__Data extracts__
═══
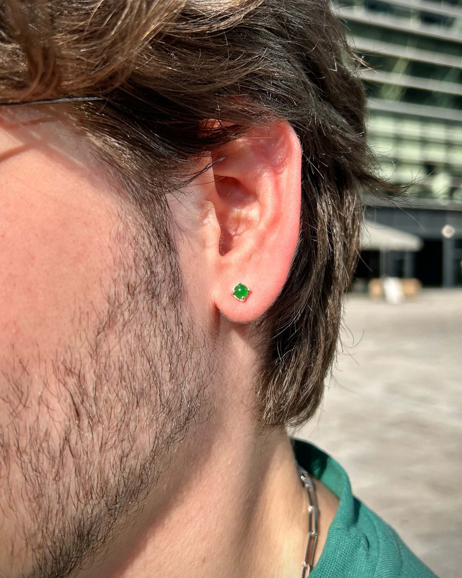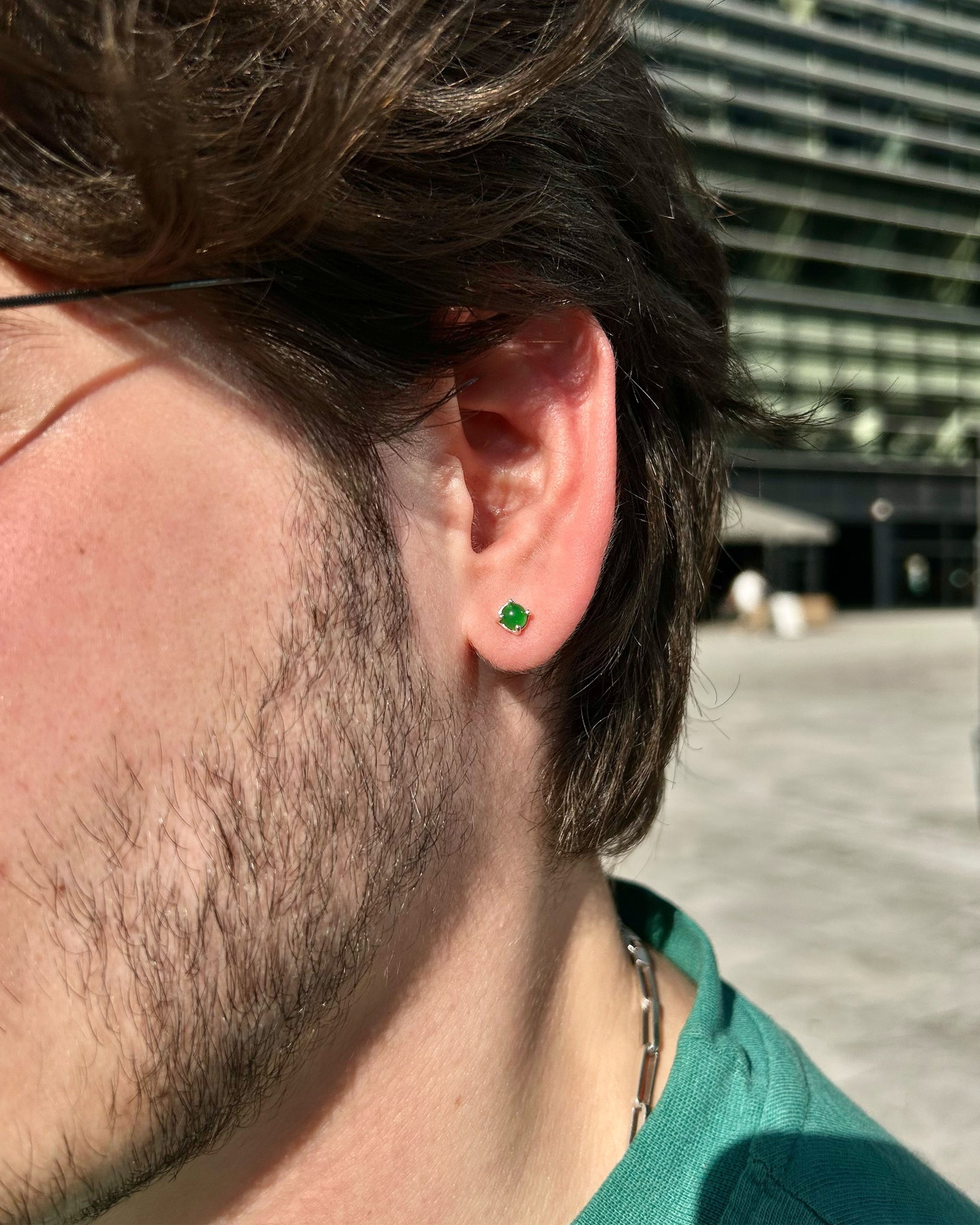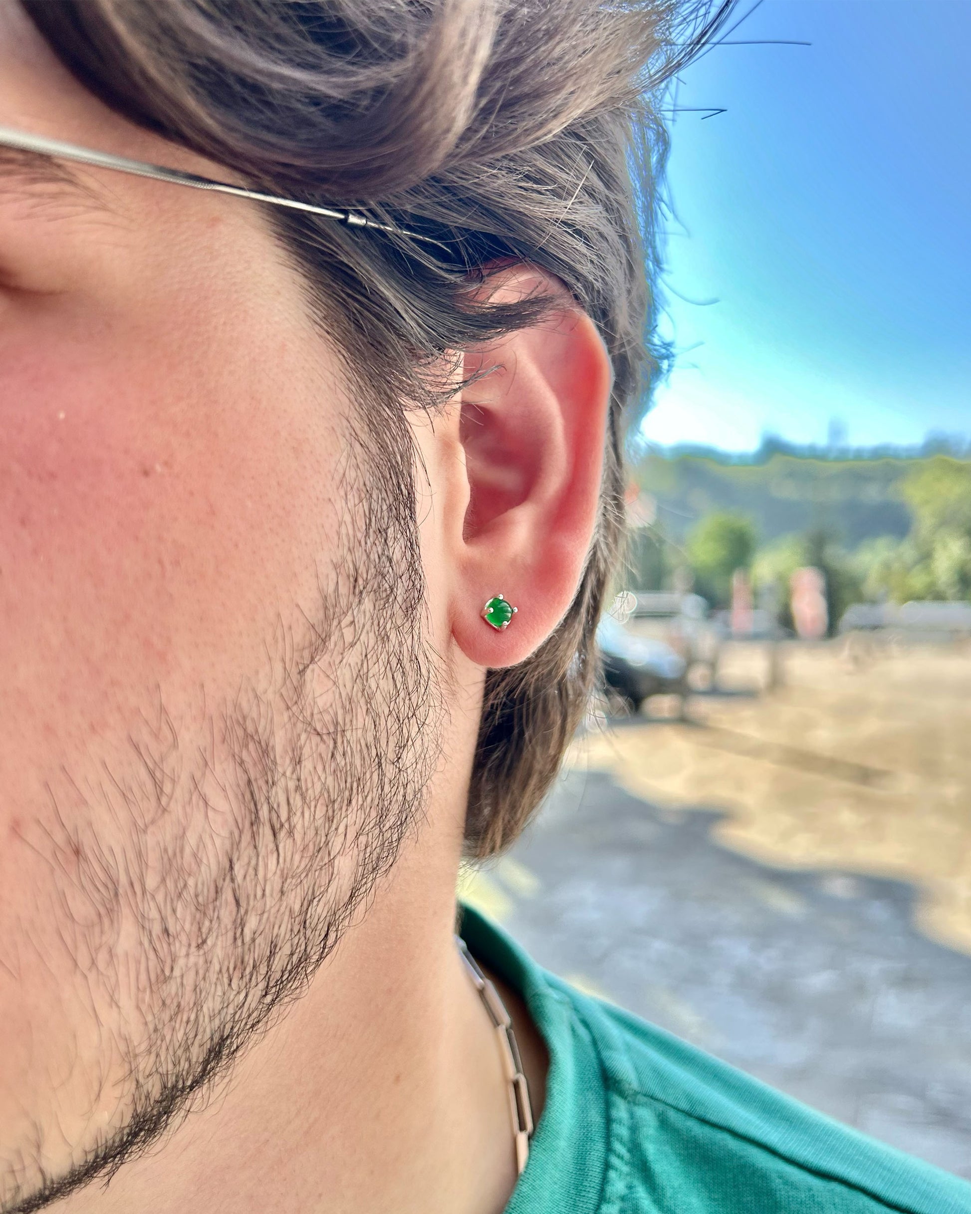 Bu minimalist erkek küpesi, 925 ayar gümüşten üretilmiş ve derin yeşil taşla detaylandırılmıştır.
═══
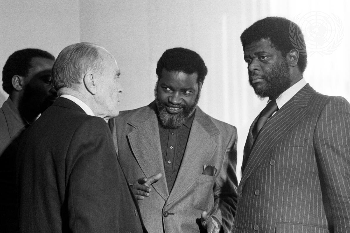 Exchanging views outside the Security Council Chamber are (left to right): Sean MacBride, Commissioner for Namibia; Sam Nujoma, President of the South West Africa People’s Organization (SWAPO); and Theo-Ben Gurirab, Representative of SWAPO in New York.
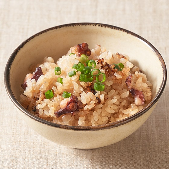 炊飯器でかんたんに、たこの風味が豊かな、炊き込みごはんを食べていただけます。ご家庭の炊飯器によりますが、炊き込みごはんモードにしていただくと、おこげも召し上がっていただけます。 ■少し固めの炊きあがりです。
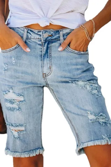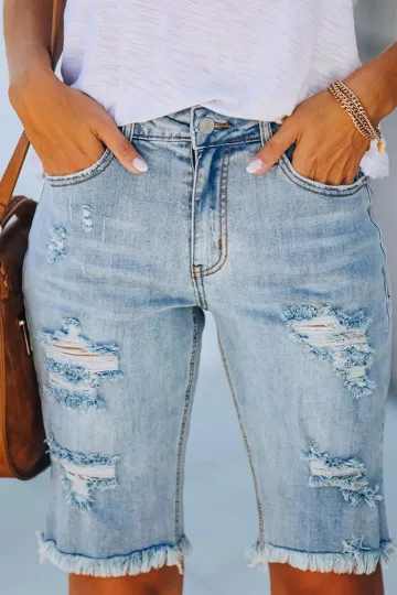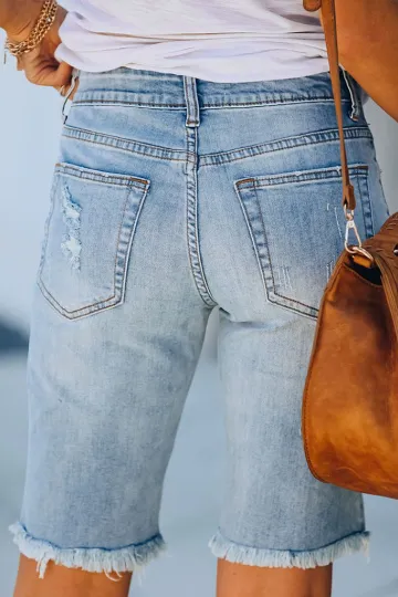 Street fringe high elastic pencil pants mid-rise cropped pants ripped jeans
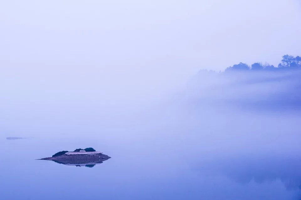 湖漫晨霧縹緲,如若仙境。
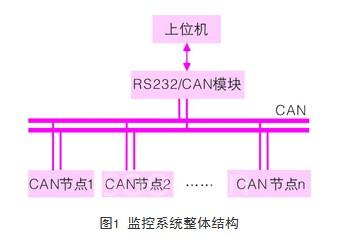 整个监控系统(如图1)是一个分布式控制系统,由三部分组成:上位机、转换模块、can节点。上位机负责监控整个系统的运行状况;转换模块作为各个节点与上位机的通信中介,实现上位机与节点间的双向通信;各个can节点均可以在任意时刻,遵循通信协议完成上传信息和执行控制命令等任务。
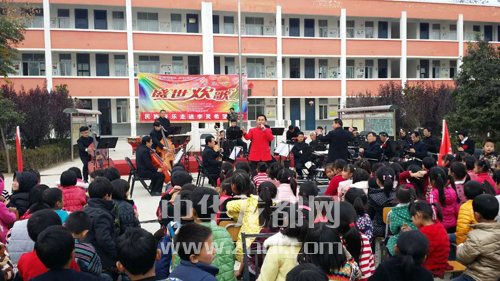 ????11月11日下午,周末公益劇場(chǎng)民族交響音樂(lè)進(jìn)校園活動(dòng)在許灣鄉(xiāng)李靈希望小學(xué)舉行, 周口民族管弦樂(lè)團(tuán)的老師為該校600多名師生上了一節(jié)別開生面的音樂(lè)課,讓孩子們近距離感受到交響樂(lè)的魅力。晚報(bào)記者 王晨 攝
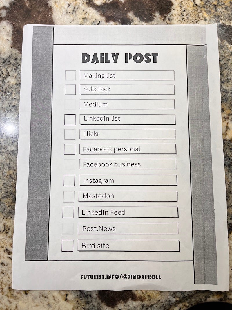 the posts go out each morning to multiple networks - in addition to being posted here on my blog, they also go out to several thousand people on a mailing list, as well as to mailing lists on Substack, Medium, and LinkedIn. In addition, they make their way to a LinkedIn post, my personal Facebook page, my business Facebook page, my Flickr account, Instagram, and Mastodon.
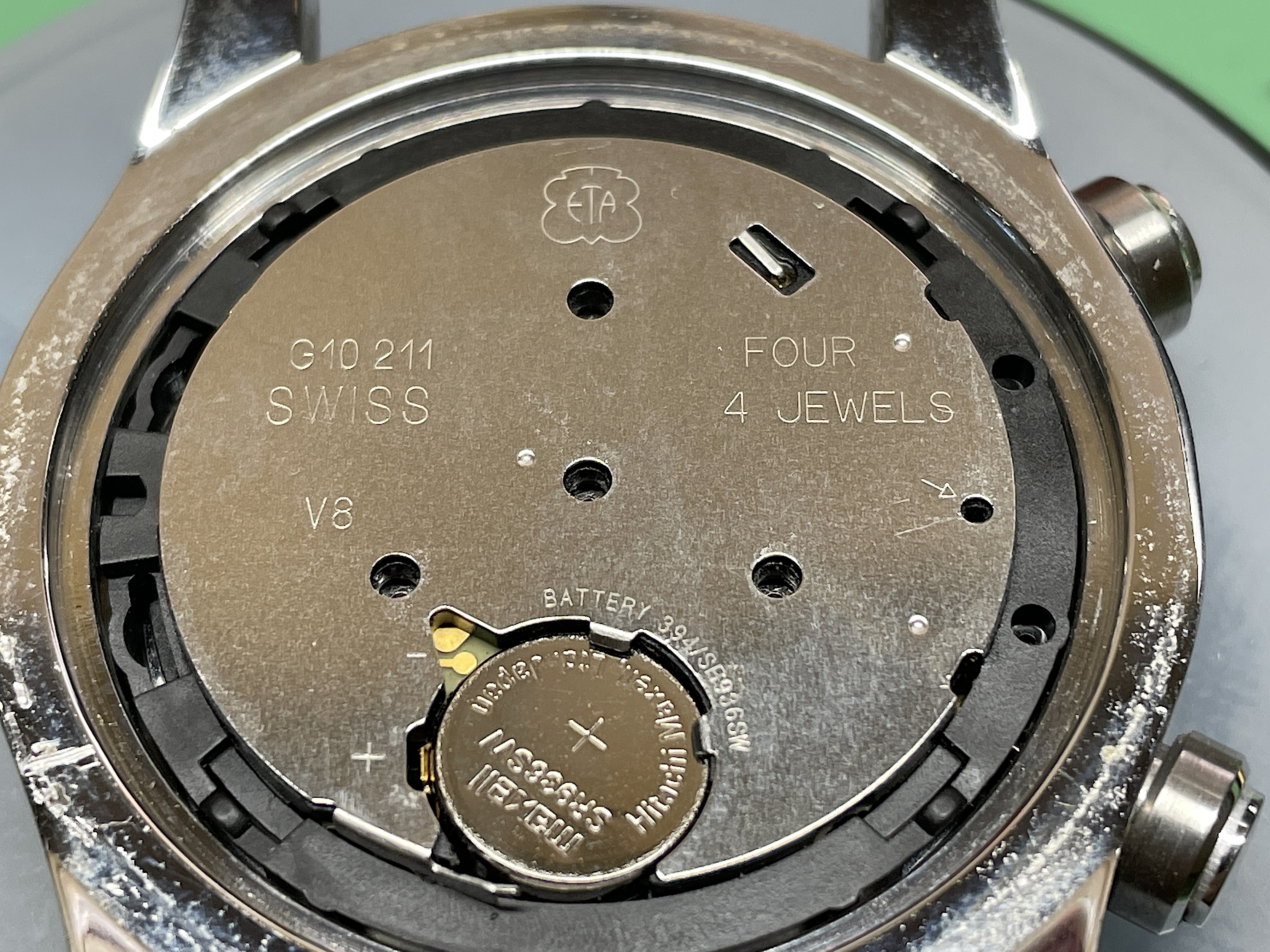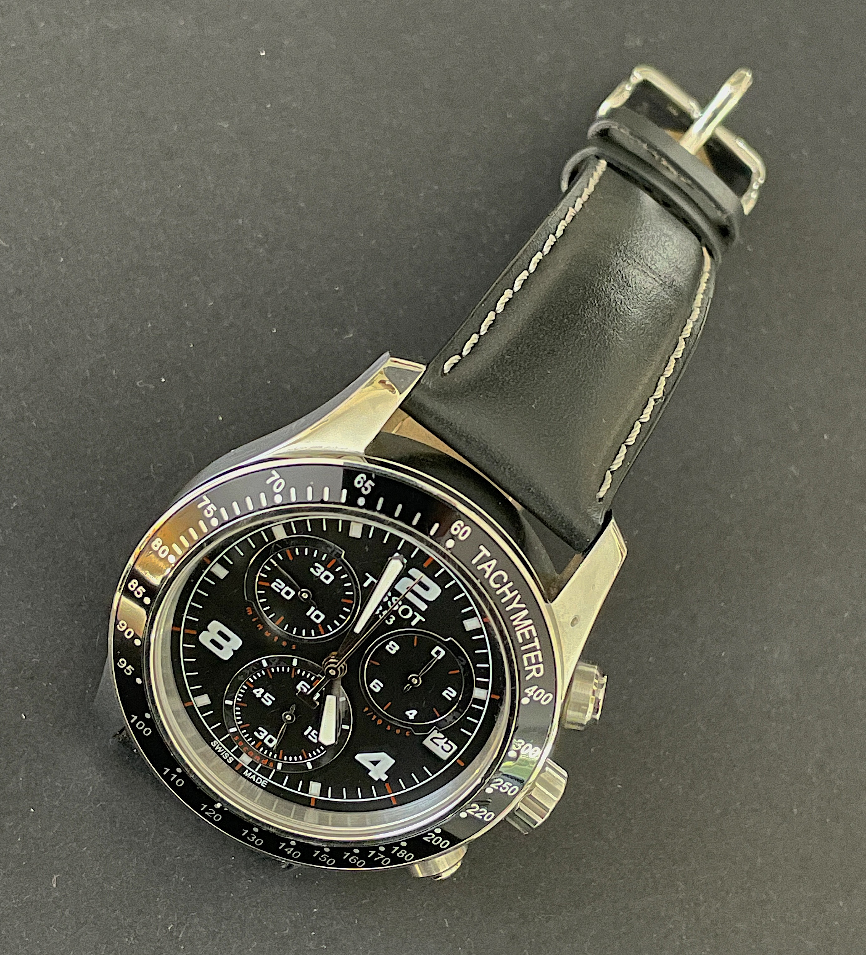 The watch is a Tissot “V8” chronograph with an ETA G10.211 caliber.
═══
__What the task requires__
Using the data above, output the line that has "Street fringe high", the line that has "The watch is", and whatever lines fall between, each exactly as it stands and without pictures.

__Result__
 Street fringe high elastic pencil pants mid-rise cropped pants ripped jeans
 湖漫晨霧縹緲,如若仙境。
 整个监控系统(如图1)是一个分布式控制系统,由三部分组成:上位机、转换模块、can节点。上位机负责监控整个系统的运行状况;转换模块作为各个节点与上位机的通信中介,实现上位机与节点间的双向通信;各个can节点均可以在任意时刻,遵循通信协议完成上传信息和执行控制命令等任务。
 ????11月11日下午,周末公益劇場(chǎng)民族交響音樂(lè)進(jìn)校園活動(dòng)在許灣鄉(xiāng)李靈希望小學(xué)舉行, 周口民族管弦樂(lè)團(tuán)的老師為該校600多名師生上了一節(jié)別開生面的音樂(lè)課,讓孩子們近距離感受到交響樂(lè)的魅力。晚報(bào)記者 王晨 攝
 the posts go out each morning to multiple networks - in addition to being posted here on my blog, they also go out to several thousand people on a mailing list, as well as to mailing lists on Substack, Medium, and LinkedIn. In addition, they make their way to a LinkedIn post, my personal Facebook page, my business Facebook page, my Flickr account, Instagram, and Mastodon.
 The watch is a Tissot “V8” chronograph with an ETA G10.211 caliber.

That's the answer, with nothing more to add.